▶ _Dataset section_
((
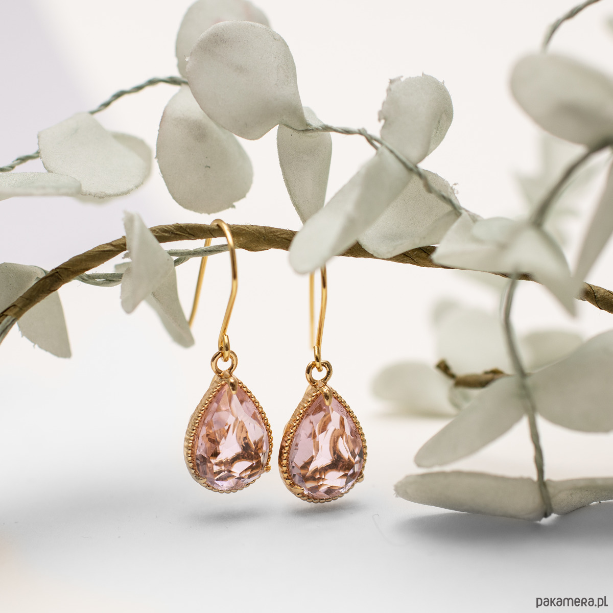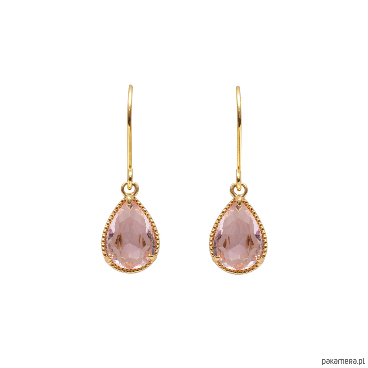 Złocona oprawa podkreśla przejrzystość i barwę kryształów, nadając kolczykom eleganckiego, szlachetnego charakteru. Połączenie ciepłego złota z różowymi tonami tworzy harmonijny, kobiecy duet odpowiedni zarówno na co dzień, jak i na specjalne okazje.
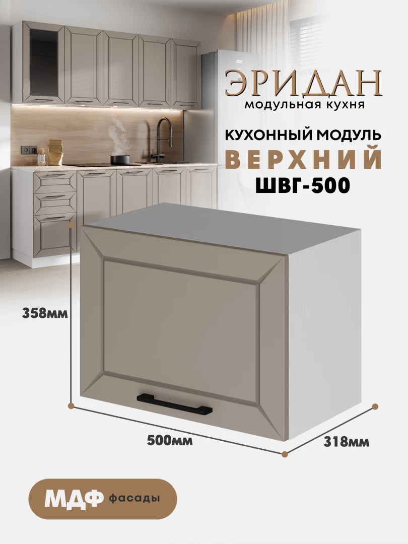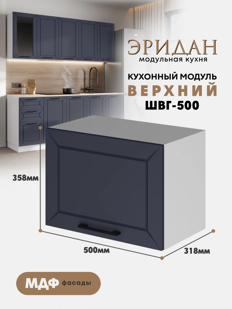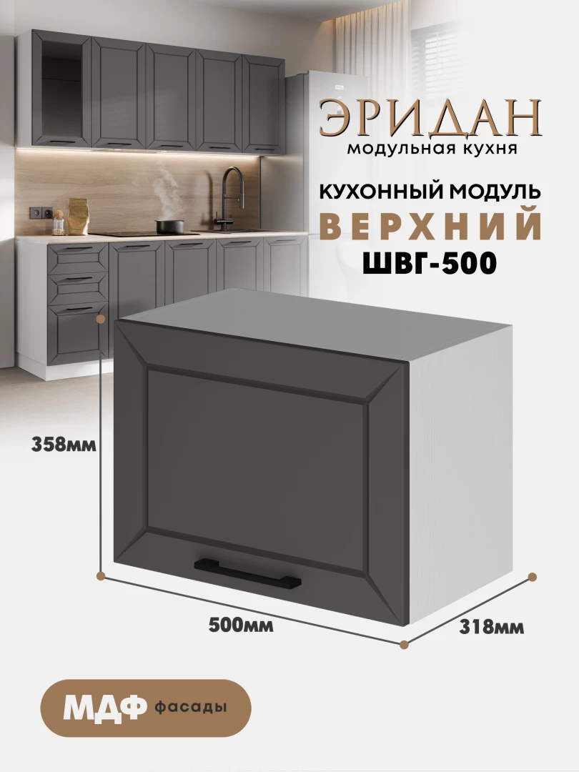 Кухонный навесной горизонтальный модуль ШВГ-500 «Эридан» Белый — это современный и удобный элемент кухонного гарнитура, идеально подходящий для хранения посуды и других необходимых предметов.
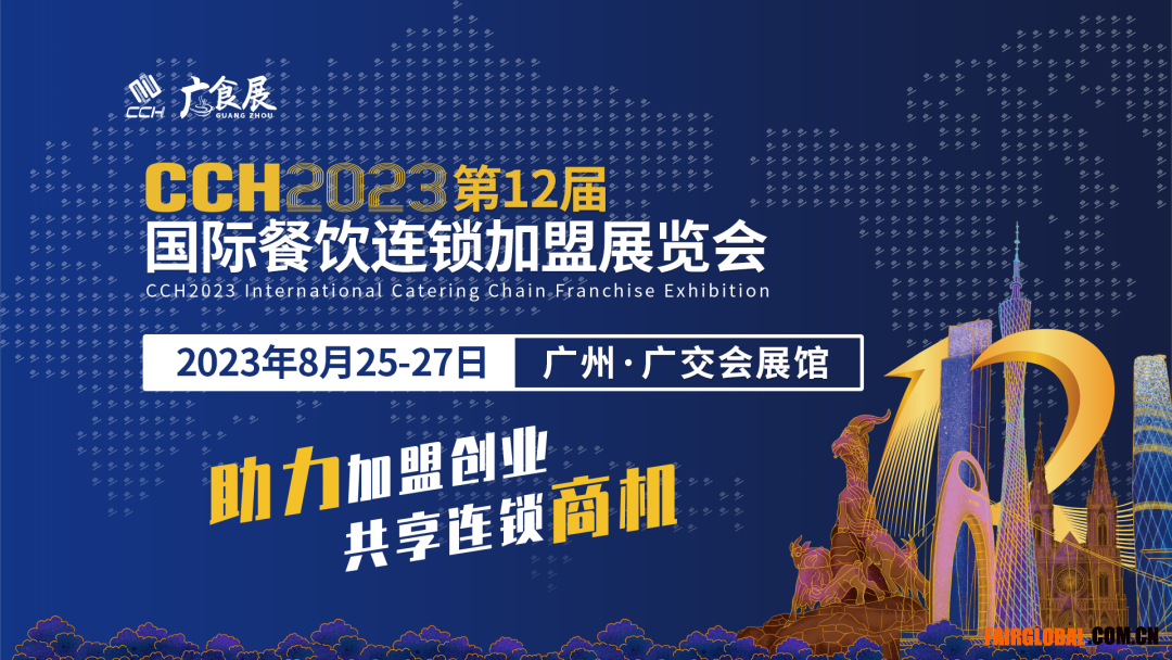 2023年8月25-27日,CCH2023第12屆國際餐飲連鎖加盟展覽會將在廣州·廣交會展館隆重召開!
))
▶ _Directions for this task_
Exact transcription of the full listing above is required; images do not belong in it.

▶ _Result below_
 Złocona oprawa podkreśla przejrzystość i barwę kryształów, nadając kolczykom eleganckiego, szlachetnego charakteru. Połączenie ciepłego złota z różowymi tonami tworzy harmonijny, kobiecy duet odpowiedni zarówno na co dzień, jak i na specjalne okazje.
 Кухонный навесной горизонтальный модуль ШВГ-500 «Эридан» Белый — это современный и удобный элемент кухонного гарнитура, идеально подходящий для хранения посуды и других необходимых предметов.
 2023年8月25-27日,CCH2023第12屆國際餐飲連鎖加盟展覽會將在廣州·廣交會展館隆重召開!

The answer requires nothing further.